Those records - and they were records, 12” slabs of solid vinyl - were where I came in, I loved all that stuff, a world away from everything else that was around at the time. It seems extraordinary now that a hip-hop label would have an actual drummer laying down the tracks. Even more extraordinary was that that after leaving Sugar Hill in 1982, on the first solo record that LeBlanc released, he used an early digital drum emulator.

That record was No Sell Out, a cut-up of speeches of American Muslim minister and human rights activist Malcolm X set to a drum heavy electro soundtrack. It caused some controversy. It was felt by some that Malcolm X (who was assassinated in 1965) would not have wished his words put to music, others objected to a white musician using the words of an African-American activist in a song. In fact, proceeds from the recording went to Malcolm X’s family and his widow, Betty Shabazz, was firmly on side with these words on the cover of the record:

This recording documents Malcolm's voice at a time and space in history some nineteen or more years ago. Its meaning is just as relevant today as it was then. His belief is that people must constantly monitor behavior, refine goals, and direct their objectives to insure that the right to life and work is a reality. Ultimately, our goals should be peace and brotherhood. After all, the universe belongs to all its inhabitants.
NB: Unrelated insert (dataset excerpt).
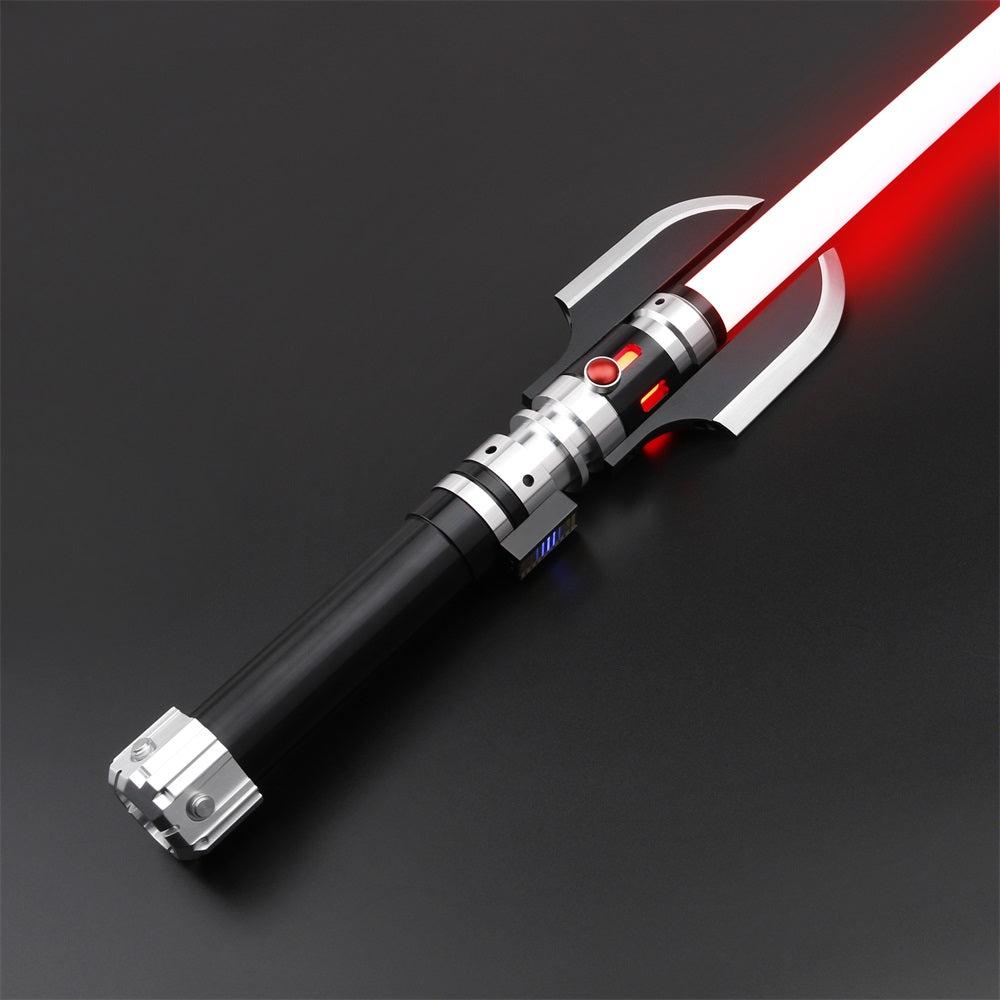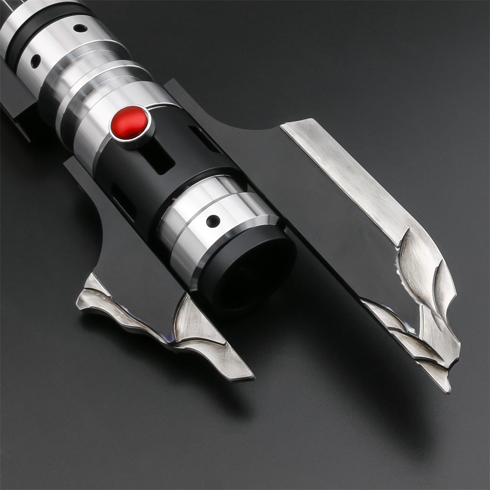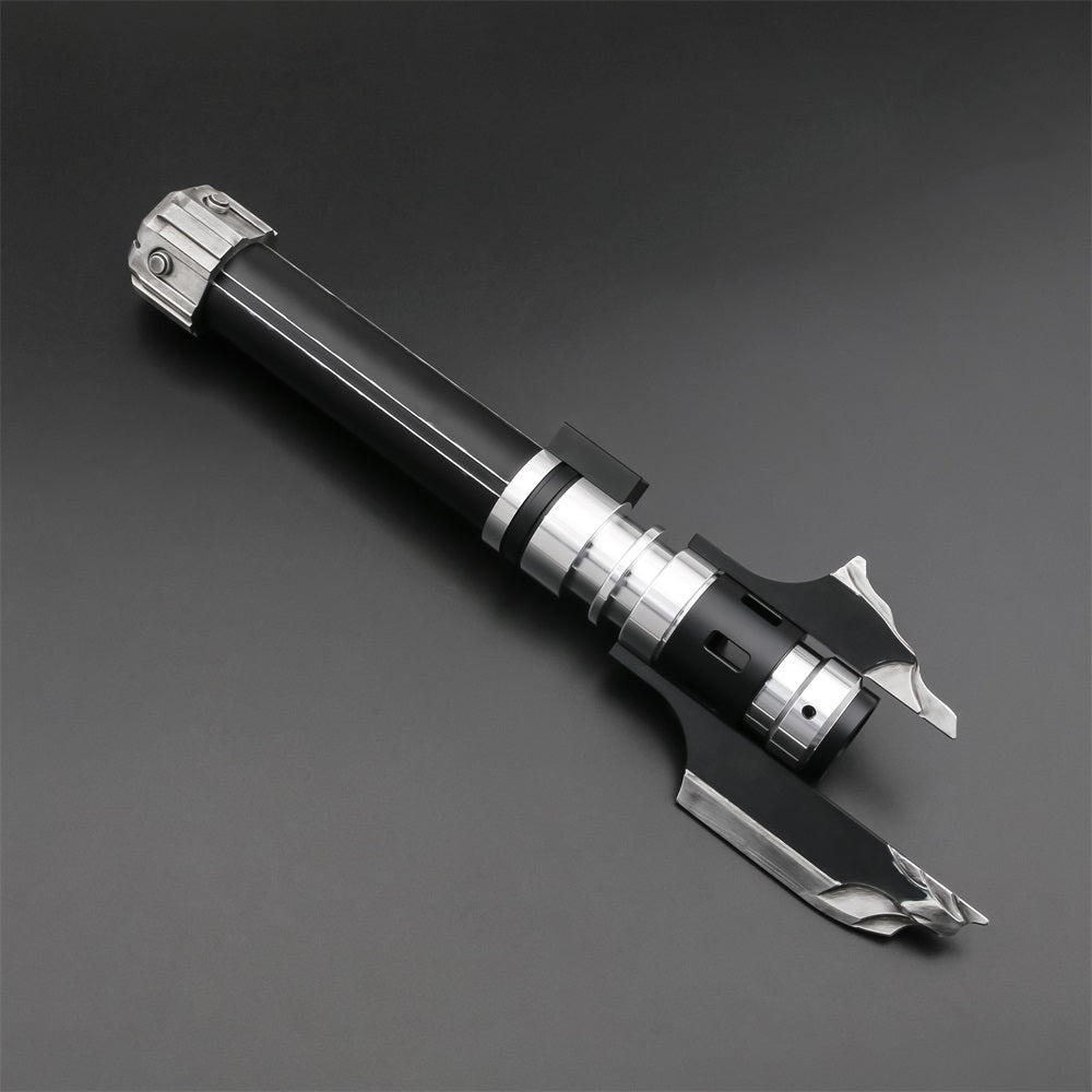 Description: Vindicators Edge is an impressive saber with a very dark appearance. The design is sleek and advanced. The first thing that stands out is the black and silver plates protruding from the top, giving it a ruthless and powerful look. These feature realistic damage, which extends throughout the rest of the design, giving it a weathered or ‘battle-damaged’ look. Below that, there are several light-transmitting holes. The lightsaber’s handle is made of smooth, black polished metal, providing a comfortable grip. The design of the lightsaber is sleek and advanced, with many sharp edges and angles, giving it a ruthless and powerful appearance.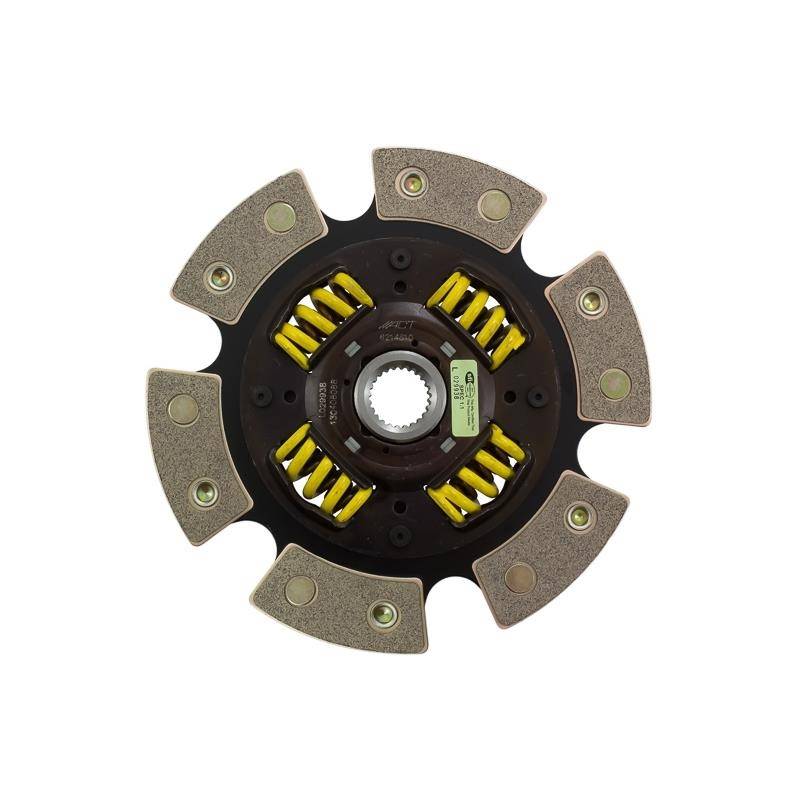 6214510 is a 4-pad spring-centered race disc made with high quality ceramic friction materials that provides a moderate wear rates and high heat tolerance. The engagement is harsher, but shifting is faster. The heavy duty torsional dampening springs are stronger, in most cases, than standard springs and are provided in the best sizes and spring rates to suit the application. It utilizes wraparound spring windows, thicker retainer stampings and a heat-treated, spring steel drive plate to provide support, reduce stress concentrations and increase strength and reliability. The race disc features a heat-treated spring steel drive plate and is well-suited for the smaller disc sizes in smaller engines. High burst strength and holds 28% more torque than typical organic materials. Benefits

I’d like to say that listening to No Sell Out I was inspired to learn more about Malcolm X. I wasn’t, indeed I probably only had but the vaguest idea who Malcolm X was. I know only slightly more now but I have time on my hands so can put that right; a good place to start looks like The Autobiography of Malcolm X: As Told to Alex Haley, published just months after his death.

But taken alone, No Sell Out was truly groundbreaking, a hypnotic dancefloor filler and a fabulous example of the talents of Keith LeBlanc. RIP.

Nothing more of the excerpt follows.